#### [WORK TO COMPLETE]
Going through the material below, output exactly the lines from the one containing "Choose Deactivate in" through the one containing "There was an", and no pictures.

#### [DATA SUPPLIED]
<<<<

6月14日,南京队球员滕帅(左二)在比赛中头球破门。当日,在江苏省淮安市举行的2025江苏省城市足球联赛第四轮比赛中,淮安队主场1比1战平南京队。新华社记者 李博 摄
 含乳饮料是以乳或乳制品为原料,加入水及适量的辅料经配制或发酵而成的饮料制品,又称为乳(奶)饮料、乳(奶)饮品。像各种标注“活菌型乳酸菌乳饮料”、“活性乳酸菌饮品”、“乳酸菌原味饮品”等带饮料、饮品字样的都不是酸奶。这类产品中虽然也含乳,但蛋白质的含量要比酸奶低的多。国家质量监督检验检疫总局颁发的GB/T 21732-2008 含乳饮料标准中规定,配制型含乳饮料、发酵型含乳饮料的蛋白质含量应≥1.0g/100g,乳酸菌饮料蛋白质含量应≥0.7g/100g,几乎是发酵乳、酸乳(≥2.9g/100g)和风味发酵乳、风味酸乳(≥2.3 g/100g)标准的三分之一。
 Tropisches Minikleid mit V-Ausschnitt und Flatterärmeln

>>>>
<<<<

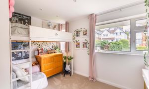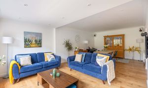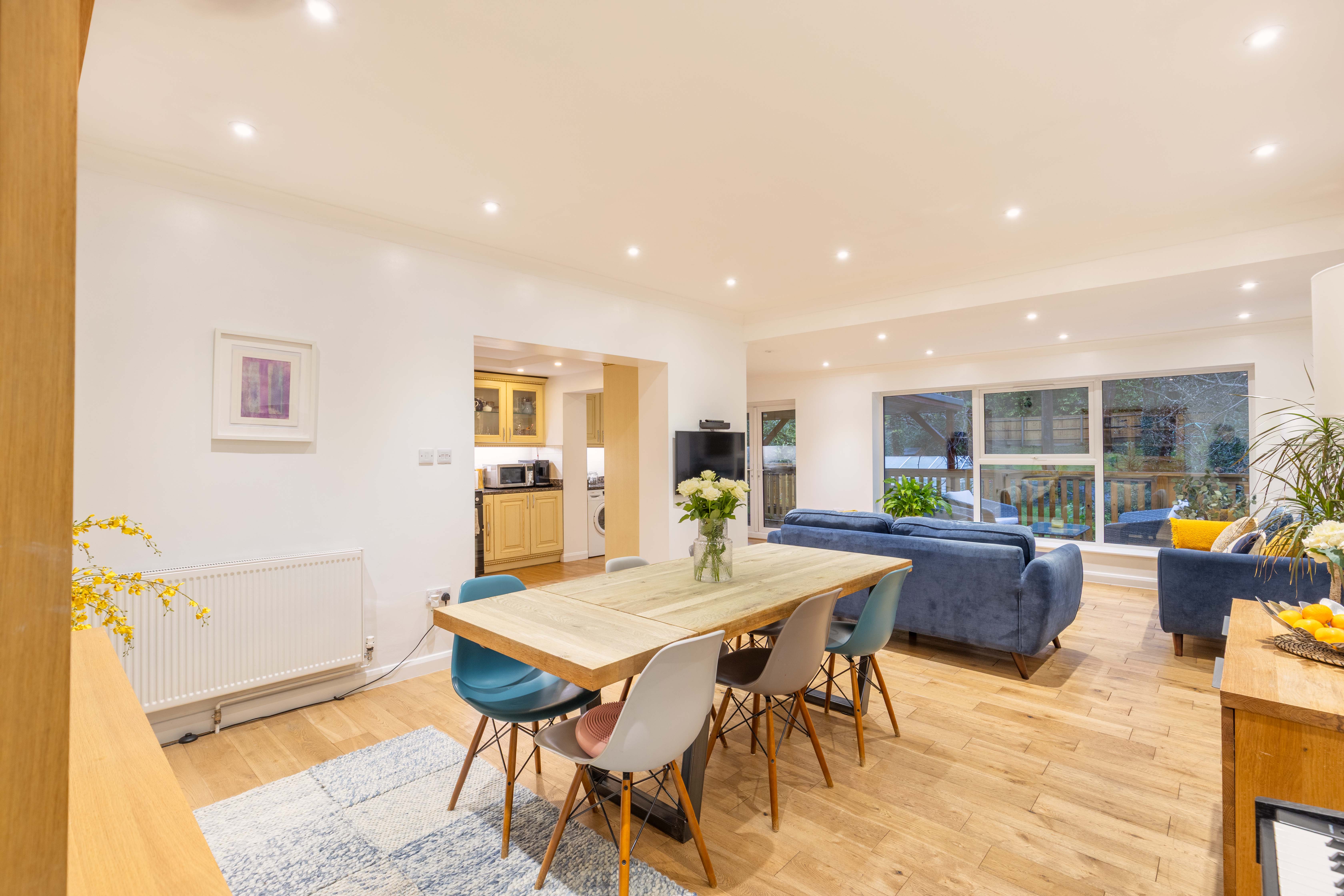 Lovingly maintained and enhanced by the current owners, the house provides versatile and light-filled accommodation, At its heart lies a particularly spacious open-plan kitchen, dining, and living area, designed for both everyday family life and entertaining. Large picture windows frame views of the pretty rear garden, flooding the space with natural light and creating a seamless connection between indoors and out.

>>>>
<<<<

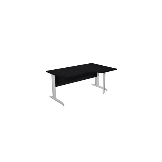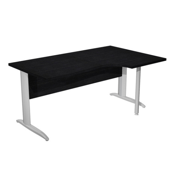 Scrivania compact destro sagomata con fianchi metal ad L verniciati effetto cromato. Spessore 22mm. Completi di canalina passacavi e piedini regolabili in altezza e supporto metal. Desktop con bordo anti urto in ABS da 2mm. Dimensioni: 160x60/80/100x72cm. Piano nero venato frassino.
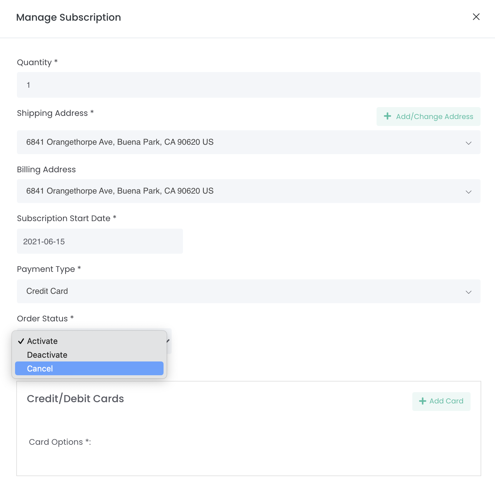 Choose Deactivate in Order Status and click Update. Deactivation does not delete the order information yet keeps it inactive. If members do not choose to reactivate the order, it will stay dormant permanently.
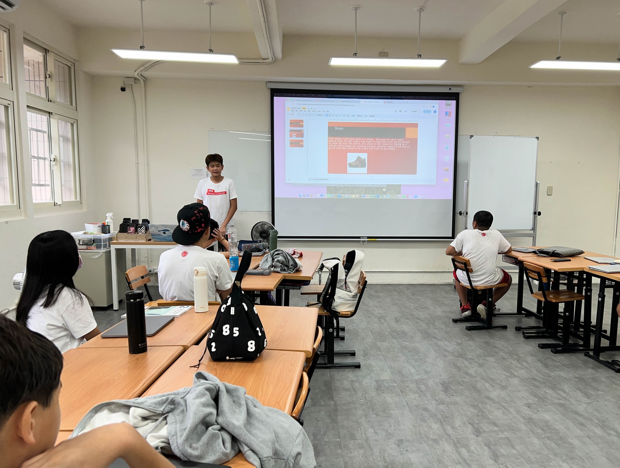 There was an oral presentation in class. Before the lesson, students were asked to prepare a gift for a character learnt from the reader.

>>>>

#### [YOUR RESPONSE]
 Choose Deactivate in Order Status and click Update. Deactivation does not delete the order information yet keeps it inactive. If members do not choose to reactivate the order, it will stay dormant permanently.
 There was an oral presentation in class. Before the lesson, students were asked to prepare a gift for a character learnt from the reader.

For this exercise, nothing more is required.